▶ _Activity_
Lines from the one containing "The robot platform" through the final line of the records below are needed, copied exactly, with no pictures.

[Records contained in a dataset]

========================

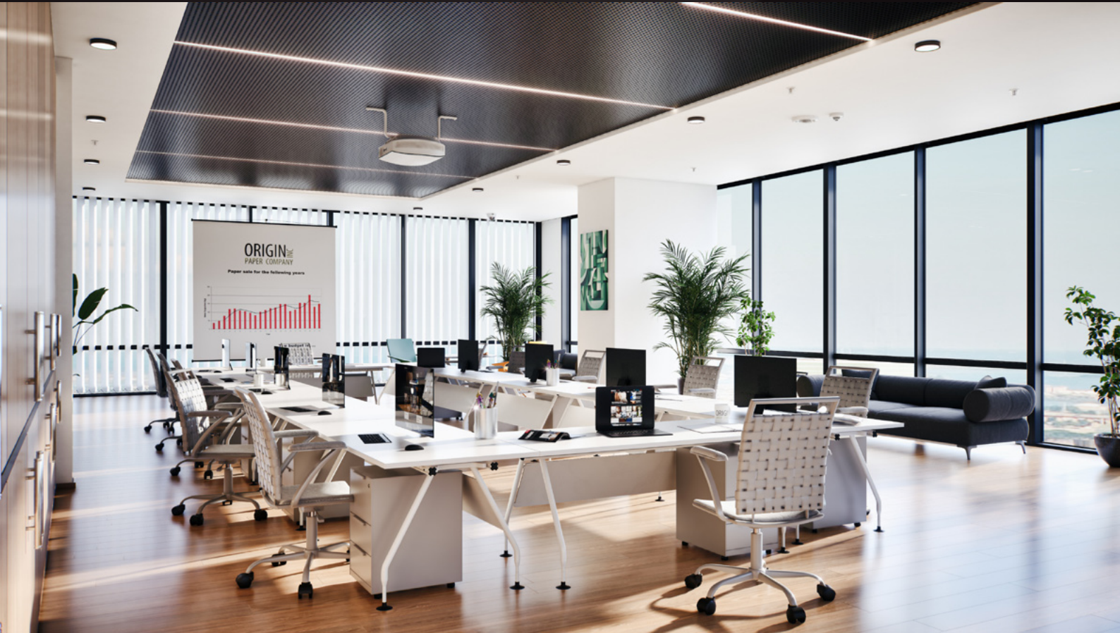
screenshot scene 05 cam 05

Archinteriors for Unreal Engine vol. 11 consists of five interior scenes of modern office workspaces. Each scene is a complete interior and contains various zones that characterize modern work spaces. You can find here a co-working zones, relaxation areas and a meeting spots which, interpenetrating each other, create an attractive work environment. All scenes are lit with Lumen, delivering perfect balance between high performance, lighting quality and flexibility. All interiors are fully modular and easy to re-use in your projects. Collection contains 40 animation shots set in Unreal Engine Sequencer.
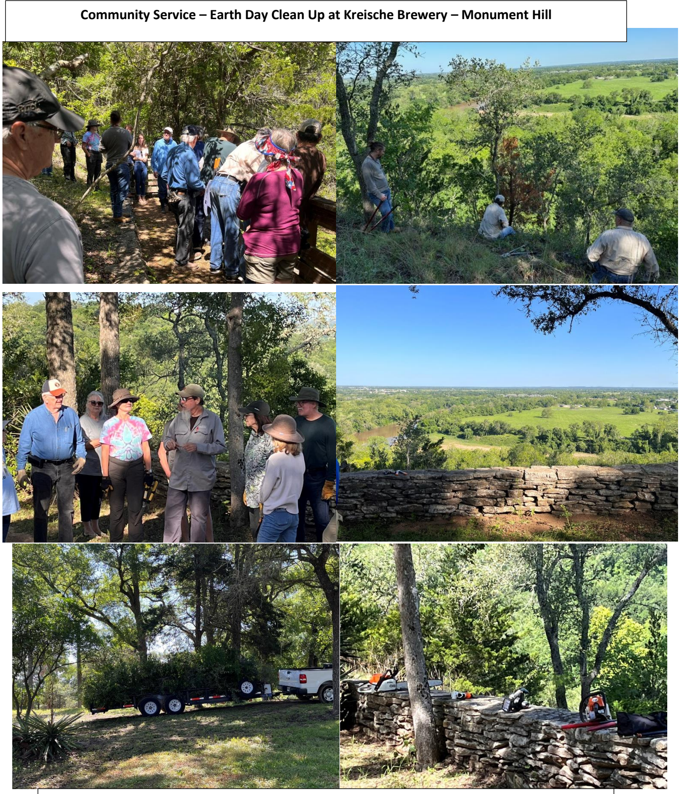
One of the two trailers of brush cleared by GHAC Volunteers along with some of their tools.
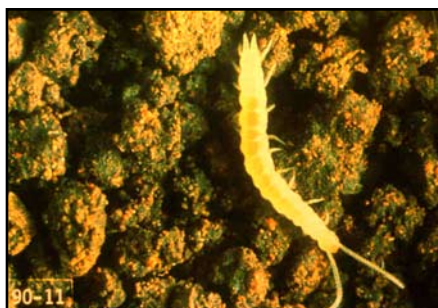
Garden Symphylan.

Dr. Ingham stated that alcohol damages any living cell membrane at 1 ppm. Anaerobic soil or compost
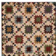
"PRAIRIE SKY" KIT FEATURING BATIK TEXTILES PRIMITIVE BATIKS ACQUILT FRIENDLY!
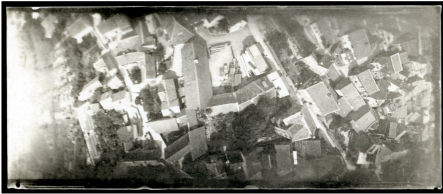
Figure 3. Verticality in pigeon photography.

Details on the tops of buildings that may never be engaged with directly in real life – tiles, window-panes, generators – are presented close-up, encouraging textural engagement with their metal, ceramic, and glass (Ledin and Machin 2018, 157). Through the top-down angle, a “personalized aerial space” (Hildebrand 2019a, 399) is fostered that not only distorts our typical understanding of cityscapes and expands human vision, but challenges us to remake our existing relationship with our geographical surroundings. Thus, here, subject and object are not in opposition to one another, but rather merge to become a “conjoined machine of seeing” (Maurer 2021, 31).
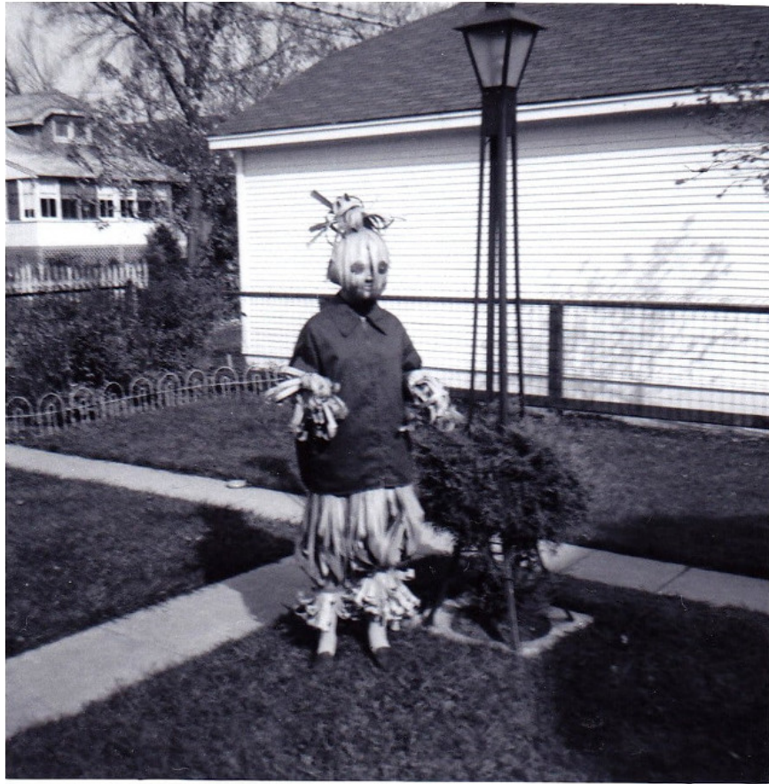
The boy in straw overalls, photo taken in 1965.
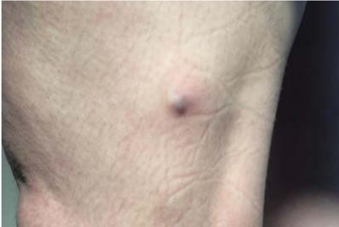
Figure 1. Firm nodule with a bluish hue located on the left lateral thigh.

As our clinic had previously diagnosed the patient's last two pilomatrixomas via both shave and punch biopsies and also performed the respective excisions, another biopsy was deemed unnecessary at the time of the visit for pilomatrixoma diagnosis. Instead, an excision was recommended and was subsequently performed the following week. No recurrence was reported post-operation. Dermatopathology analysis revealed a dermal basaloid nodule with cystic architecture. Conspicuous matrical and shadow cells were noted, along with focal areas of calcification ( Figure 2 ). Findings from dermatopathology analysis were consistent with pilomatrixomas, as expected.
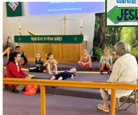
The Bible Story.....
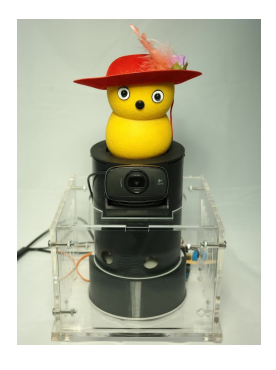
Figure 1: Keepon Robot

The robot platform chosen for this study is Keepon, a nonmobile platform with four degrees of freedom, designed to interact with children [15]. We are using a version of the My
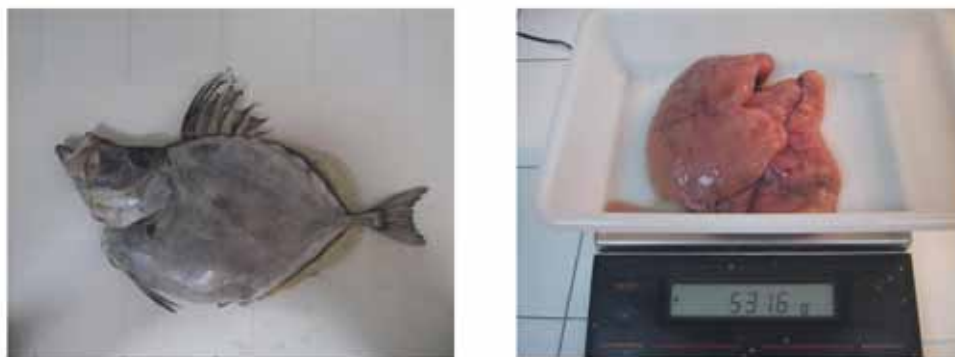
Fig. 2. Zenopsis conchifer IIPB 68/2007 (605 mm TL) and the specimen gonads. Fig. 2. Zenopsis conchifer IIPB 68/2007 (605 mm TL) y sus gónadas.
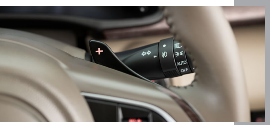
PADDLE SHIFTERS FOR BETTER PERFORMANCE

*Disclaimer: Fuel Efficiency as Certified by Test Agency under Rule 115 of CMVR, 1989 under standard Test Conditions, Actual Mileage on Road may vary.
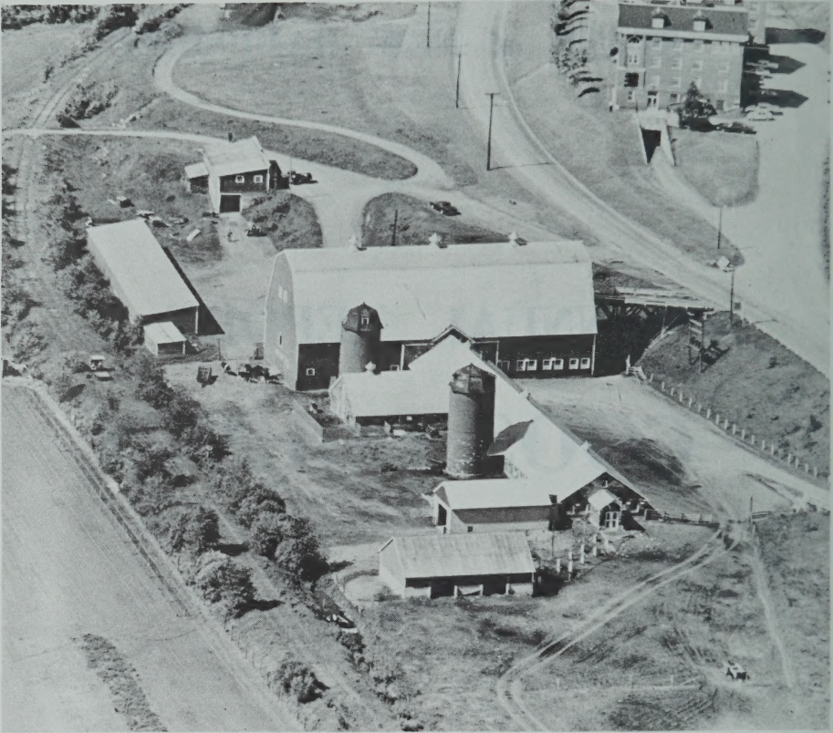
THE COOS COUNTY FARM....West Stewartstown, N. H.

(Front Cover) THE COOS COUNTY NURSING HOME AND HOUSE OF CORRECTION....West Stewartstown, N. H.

========================

▶ _Solution to the problem_
The robot platform chosen for this study is Keepon, a nonmobile platform with four degrees of freedom, designed to interact with children [15]. We are using a version of the My
Fig. 2. Zenopsis conchifer IIPB 68/2007 (605 mm TL) and the specimen gonads. Fig. 2. Zenopsis conchifer IIPB 68/2007 (605 mm TL) y sus gónadas.
PADDLE SHIFTERS FOR BETTER PERFORMANCE

*Disclaimer: Fuel Efficiency as Certified by Test Agency under Rule 115 of CMVR, 1989 under standard Test Conditions, Actual Mileage on Road may vary.
THE COOS COUNTY FARM....West Stewartstown, N. H.

(Front Cover) THE COOS COUNTY NURSING HOME AND HOUSE OF CORRECTION....West Stewartstown, N. H.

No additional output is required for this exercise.